Drugmakers take to airwaves to counter Trump's charge

The top trade association for U.S. drugmakers is spending more on television advertising than any other special-interest group, part of a multi-year campaign to repair the industry's reputation and counter President Donald Trump's claims that it's "getting away with murder" on pricing.

The Pharmaceutical Research and Manufacturers of America, commonly known as PhRMA, has already spent an estimated $8.6 million on broadcast television and cable ads in 2017, according to data from Kantar Media's CMAG, which tracks issue ads.

The pharmaceuticals group hadn't bought any broadcast TV ads in at least five years. It now plans to spend "high tens of millions of dollars every year" on its campaign, including TV, radio and digital ads, as well as hosted events, said Robert Zirkelbach, its executive vice president for public affairs.

By comparison, the top advertiser in the debate about repealing Obamacare — a coalition of health care providers and advocates opposed to the law's repeal — has spent less than a quarter of PhRMA's total this year.

PhRMA, which represents more than 50 member companies, is one of the most powerful interest groups in Washington. In 2016, it spent $20 million on lobbying, employing 21 internal lobbyists and 36 outside companies, Bloomberg Government data show. Pharmaceutical manufacturers also gave almost $20 million to candidates for federal offices in the 2016 election cycle, according to the Center for Responsive Politics.

Now, PhRMA is appealing directly to the public after being repeatedly battered last year by Trump and Democrat Hillary Clinton for what the candidates called excessively high prices on life-saving drugs.

In January, Trump sent pharmaceutical stocks falling when he made his accusation about drug companies and "murder" nine days before his inauguration. As recently as last Monday, at a rally in Kentucky, the president pledged to work to lower drug prices once the Affordable Care Act is repealed.

"We knew correctly that no matter what the outcome during the election, these issues are going to continue to be areas of focus," Zirkelbach said. "This is a national conversation that's happening right now about medicines and their cost and value that they provide to patients and society."

So far this year, PhRMA's two ads — one 30-seconds long and the other a minute — have run almost 2,300 times nationally.

The ads make no mention of drug prices. Instead, they focus on how the industry is investing in research, featuring images of a baby, an elderly man about to undergo surgery, scientists looking into microscopes and a digitized cancer cell being destroyed "thanks to medicine that didn't exist until now."

The vast majority of the TV spots have run on national cable, although the group has also placed them on national network TV shows that typically cost more. The ads have run on NBC's "Saturday Night Live" and "Meet the Press;" ABC's "Good Morning America" and "This Week with George Stephanopoulos;" and CBS' "Face the Nation" and "The Late Show With Stephen Colbert."

John Rother, president of the National Coalition on Health Care and the leader of a separate group that campaigns against high drug prices, said congressional scrutiny and public protest over prices for drugs like EpiPen, a lifesaving allergy injection that enjoys a near monopoly, isn't going to subside.

"Each time you have a new outrage on a very high priced drug, there are senior members of Congress with considerable expertise who are looking at these things," Rother said. "If I were PhMRA, I would definitely be worried."

Unlike many developed countries, the U.S. doesn't directly regulate medicine prices, and drugmakers have strongly resisted it. The industry has faced pressure for several years to reduce prices amid an outcry from members of Congress and customers.

Some companies, including Allergan and Swiss giant Novartis AG, have responded with voluntary actions to cap annual price increases, while Johnson & Johnson and Merck & Co. have taken steps to increase transparency about pricing.

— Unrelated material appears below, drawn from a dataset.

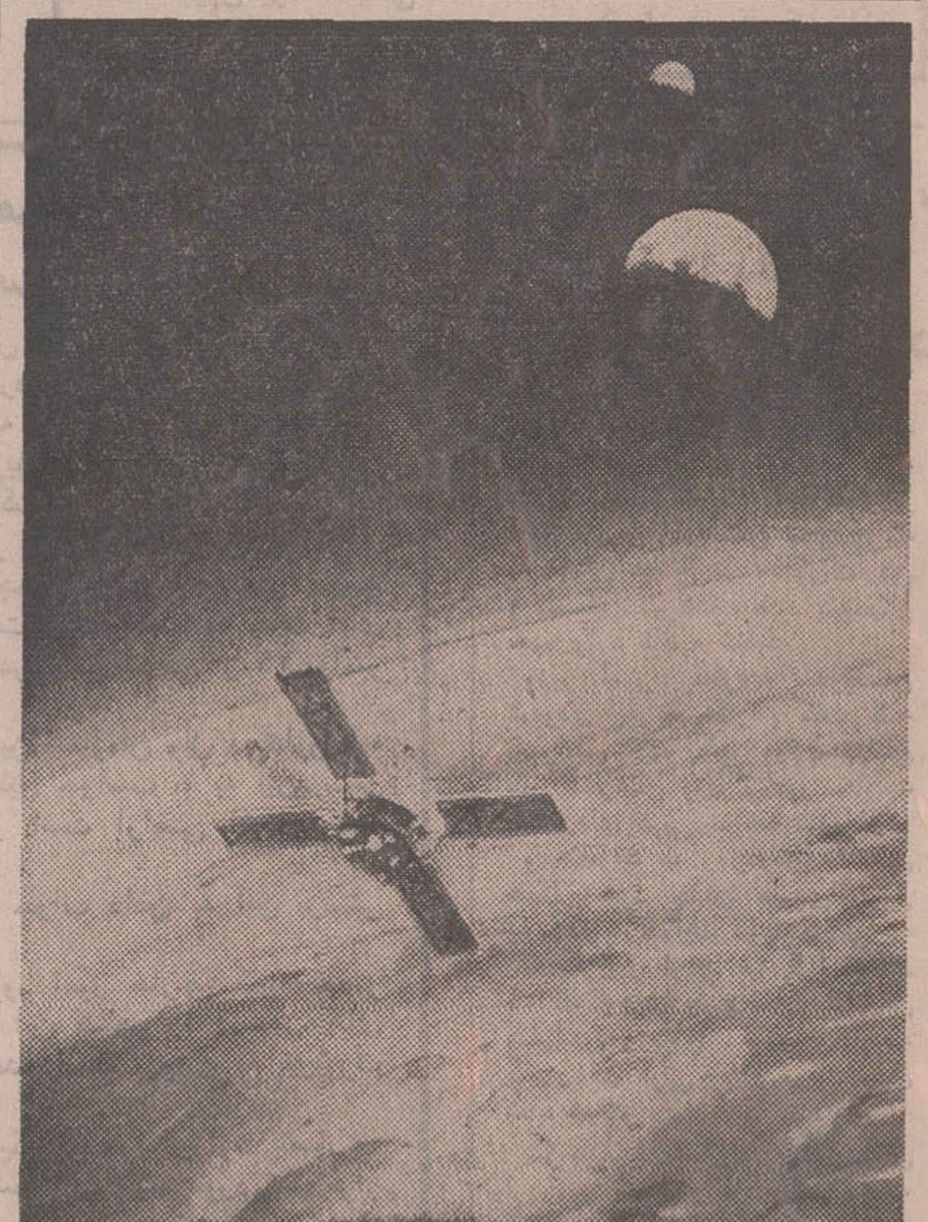
سفینه خودکار «مارینر ۹» آمریکا پس از انجام یک مانور حساس با موفقیت در مدار کره مریخ قرار گرفت. «مارینر ۹» که روز ۳۰ مه بهفضای پرتاب شد پس از طی چهارصد میلیون کیلومتر راه اینک بدور ستاره آسراف آمیز مریخ در گردش است و مدت نود روز عکسها و اطلاعات علمی دقیقی درباره این همسایه آسمانی زمین به ایستگاههای کنترل فضائی مخابره خواهد کرد. در تصویر سفینه مارینر هنگام پرواز بر فراز مریخ نمایش دیده شده است در بالای عکس تصویر کره زمین و ماه دیده میشود.

سفینه های آمریکا و شوروی درباره وجود تحقیقات دامنه داری بعمل میاورند. «مارینر ۹» سفینه آمریکا به سومین قمر مریخ تبدیل شد. در صفحه ۳

Trump hasn't provided many specifics on how to lower drug prices, although White House spokesman Sean Spicer said in February that the president supports drug price negotiations for Medicare, the program for the elderly is the nation's biggest purchaser of health care.

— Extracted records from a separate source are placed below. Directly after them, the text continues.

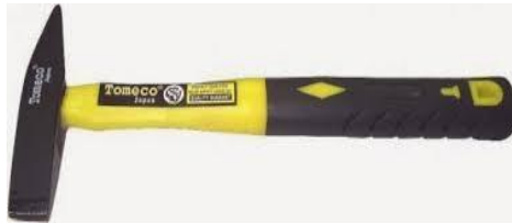
Gambar 3. 4 Palu Las

untuk memukul benda keras, karena akan mengakibatkan kerusakan pada bentuk ujung palu sehingga palu tidak bisa berfungsi sebagaimana mestinya.
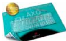
Schreibunterlage / desk pad AXOPharm 500
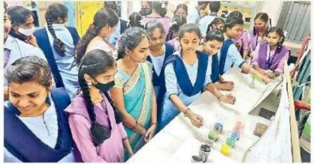
ఆర్ట్స్ కళాశాలలో సైన్స్ ప్రదర్శన తిలకిస్తున్న విద్యార్థులు
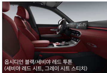
옵시디언 블랙/세비아 레드 투톤 (세비아 레드 시트, 그레이 시트 스티치)
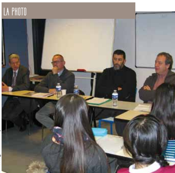
le messager du Raincy
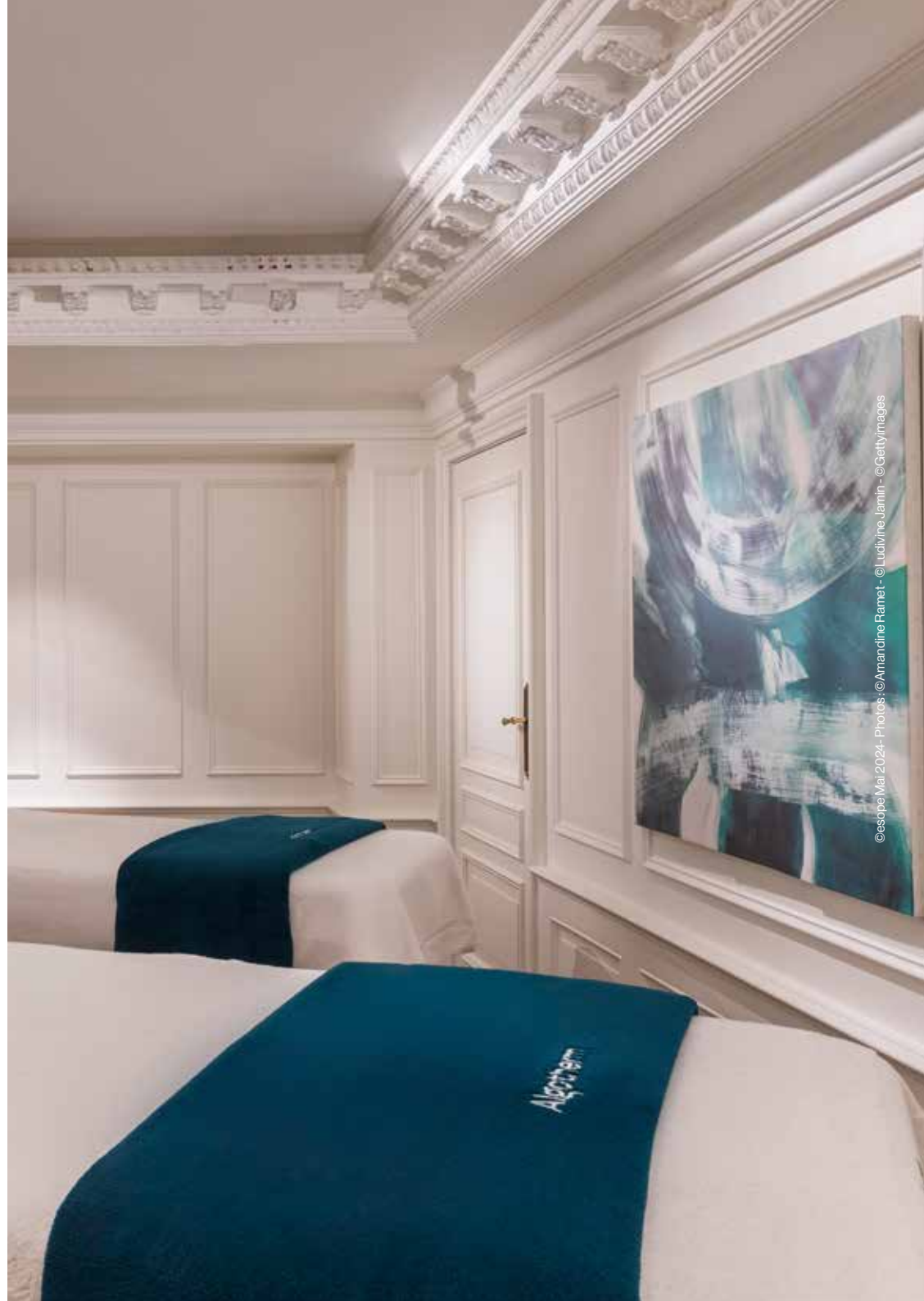
© esope Mai 2024 - Photos : ©Amandine Ramet - © Ludvine Jamin - © Gettyimages

Spa treatments are intended exclusively for people in good health. Please inform us of any health issues, allergies or injuries that might interfere with your treatment or use of the spa. In the case of doubt please contact your doctor before making any spa appointment. The spa is a non medicalised environment and all programmes administered have your well-being as their sole aim. Our massages and treatments are neither medical nor therapeutic. Under no circumstances can they totally or partially replace or be considered a substitute for medical, therapeutic or physiotherapy treatments. The term « massage » may also be used to describe body sculpting, carried out using different techniques.

At the Kentucky rally on Monday, Trump said "we are also going to work on bringing down the cost of medicine by having a fair and competitive bidding process," adding that "somebody's getting very rich" from the current pricing system. "Medicine prices will be coming way down, way, way, way down — and that's going to happen fast," he said.

Despite his rhetoric, Trump won't be overly hostile to drugmakers because he won't want them to send more jobs outside the U.S., said W.J. "Billy" Tauzin, who led PhRMA from 2005 through part of 2010 after serving as a Democratic and Republican congressman from Louisiana. Still, Tauzin said, the highly publicized incidents of dramatic price increases have spurred the need for the public relations campaign.

"That's the picture people have now of the industry is bad players like that," he said. "So, I suspect, what they're trying to do is remind people that there are a lot of good players out there who are trying to do the right thing, trying to spend enormous sums to find cures."